Monday, October 31, 2005

Of crackers and compensation

The labs are irritated with me today.

We had a minor disagreement this morning, on the subject of the number of chew sticks they should be allowed to eat in a day. The usual, negotiated, limit is one a day. It goes up to two each on days of high stress (e.g. when I’m late getting back from work, when I want to go out in the evening, when the rain cuts short their walk, or when the Talking Lift has been particularly voluble). But more than two, it is now well acknowledged, is a road straight to hell in the guise of violently upset stomachs. Years of bitter experiences laced with spoonfuls of Dependal-M have eventually settled down to a more or less amicable agreement to adhere to the rule of two.

It was Boogie who led the assault this morning, with the argument that their particularly mature handling of the crackers this year called for a reward of some sort. It wasn’t just Diwali they were coping with, she reasoned, it was also multiple other irritants that have recently been introduced into our lives.

The Talking Lift, for example, is something that no self-respecting dog should be expected to adapt to at this late stage in life. Anything with a nasal robotic voice that belts out instructions to please-close-the-door every few minutes must be regarded with deep suspicion. As technology goes, this is definitely one of the world’s sorrier ideas. Mercifully, we don’t have to get into the blasted thing because we live on the ground floor. Even so, that voice is a particularly penetrating one and tries one’s patience. Besides, why don’t people listen to it and just close the silly door, Gypsy would like to know. Why must the door be left open to whine at us through the afternoon?

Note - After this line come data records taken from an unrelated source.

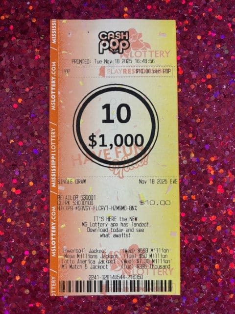 A Madison man won $1,000 on a Cash Pop ticket from Quiktrip #7249 in Flowood.
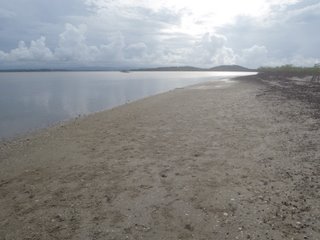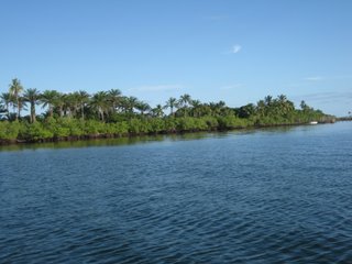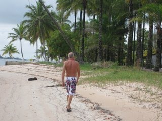 Comme premier mouillage nos choisissons un petit bras de rivière, entre le village de Sapinho et l’ilôt désert de Goio. Nous sommes entourés de mangrove à quelque distance d’un vieux ponton en bois. Vite nous mettons l’annexe à l’eau et débarquons sur une plage de sable blanc de l’ile de Goio… Comme une carte postale avec les palmiers juste comme il faut pour faire de l’ombre. Nous faisons le tour de l’ile à pieds avant que le soleil se couche et de retour sur Hibiscus nous sommes surpris par le silence qui nous entoure. Le moindre petit bruit semble amplifié et prendre tout l’espace… des poissons qui sautent, une voix lointaine, un moteur de barque qui passe au loin…
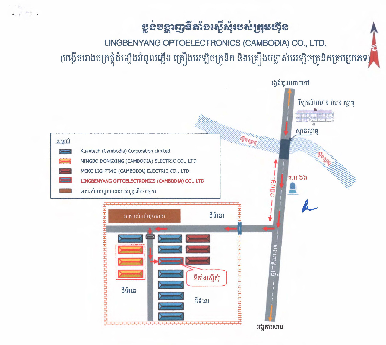 ៣-ក្រុមហ៊ុន “LINGBENYANG OPTOELECTRONICS (CAMBODIA) CO., LTD” គម្រោងបង្កើតរោងចក្រផ្គុំដំឡើងអំពូលភ្លើង គ្រឿងអេឡិចត្រូនិក និងគ្រឿងបន្លាស់អេឡិចត្រូនិកគ្រប់ប្រភេទ ដែលមានទីតាំងវិនិយោគស្ថិតនៅភូមិចមពល ឃុំពពេល ស្រុកត្រាំកក់ ខេត្តតាកែវ ក្នុងទុនវិនិយោគប្រមាណ ៥,២លានដុល្លារអាម៉េរិក។

Then there is the Singing Doorbell. Now, nothing wrong in principle with a doorbell that sings, as long as you know that’s what it does. A dog likes to know what’s what – order and predictability are vital, according to Boogie – and if you’ve been brought up to expect doorbells to ring you can’t suddenly find them singing. And a different song each time, too. Leaves no room at all for the conditioned response to develop. Embarrassing for a dog to not realize the bell has rung (or sung, in this case) and not be the first one at the door.

And finally, the biggest outrage of all is that yappy Lhasa Apso upstairs. Never before has another dog lived in the same building as us. And not only does he have a strategic advantage, being on the top floor, says Gypsy indignantly, he is also smaller and furrier and therefore more popular with the younger kids. The only consolation in this sorry state of affairs is that he has to ride in the Talking Lift thrice a day.

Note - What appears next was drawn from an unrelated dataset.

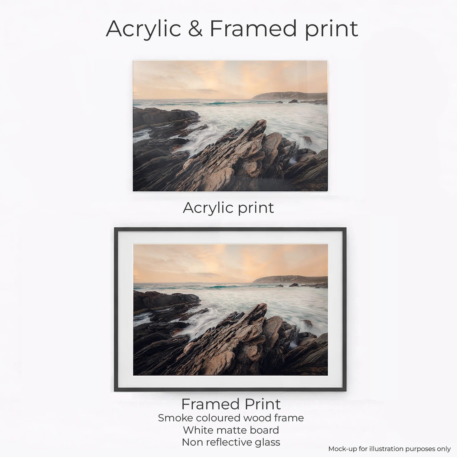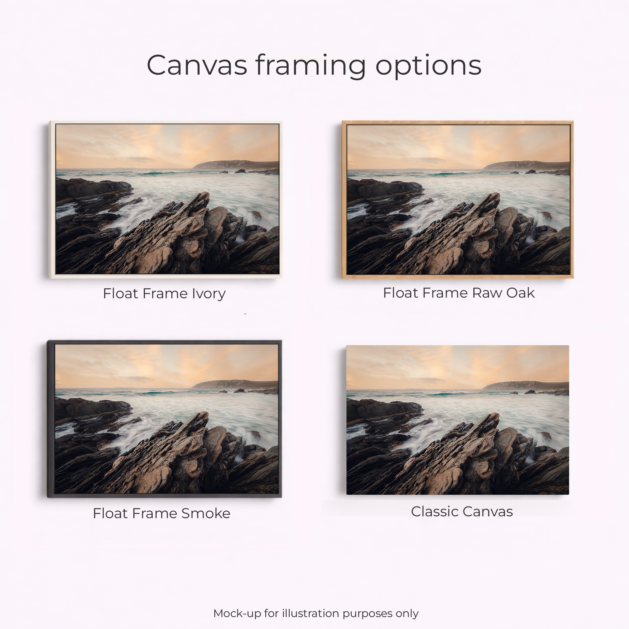 Acrylic Print, Canvas – Classic, Canvas – Float Framed – Raw Oak Colour, Canvas – Float Framed – Smoke Colour, Framed – Printing and Framing with Matboard, Paper Print – Cotton Rag, Paper Print – Matte Archival, Paper Print – Semi Gloss Luster

Hmmm. It is obvious where this is leading, and I must admit I'm impressed by the force of the argument. They actually have me feeling vaguely guilty, the wily things. The subject of chew sticks has however remained non-negotiable so far. We’re sulking in our respective corners, neither side willing to yield an inch.

And they’ve been behaving perfectly today. No paw marks on the futon. No ball thrown under the bed for me to retrieve. No barking contest with Lhasa upstairs. No arguments with the Talking Lift. Damn.

Why do I have a feeling I’m going to crack under the strain soon?


  • Thank you Anjali, Boogie and Gypsy. This time of the year is usually very depressing for various reasons (particularly so this year).

    Thanks for brightening it up. Lovely, quirky, heartfelt post.

    And just give them the chewies ya...such remarkable behavior must be positively reinforced.

    By Blogger Tara, at 5:14 AM, October 31, 2005  

  • Err .. one-and-a-half chewies, maybe?

    And thank you eeever so much for the link to The Meaning of Liff ..

    By Blogger One in a Billion, at 11:02 AM, October 31, 2005  

  • Ok, that was one fundoo post...didn't get it first, then read it again, with the comments...then enlighenment dawned...

    By Blogger the Monk, at 1:14 AM, November 01, 2005  

  • I totally sympathise with ur dogs! The only thing worse than talking lifts are talking cars that tell u to put ur seatbelt on... i know i know very traumatic - now i don't take chewies but i do take shoes

    By Blogger The ramblings of a shoe fiend, at 6:03 AM, November 01, 2005  

  • heh heh very funny...I totally empathise with the dogs though... I had a flat where right next to me was a talking lift that alternated in kannada and english...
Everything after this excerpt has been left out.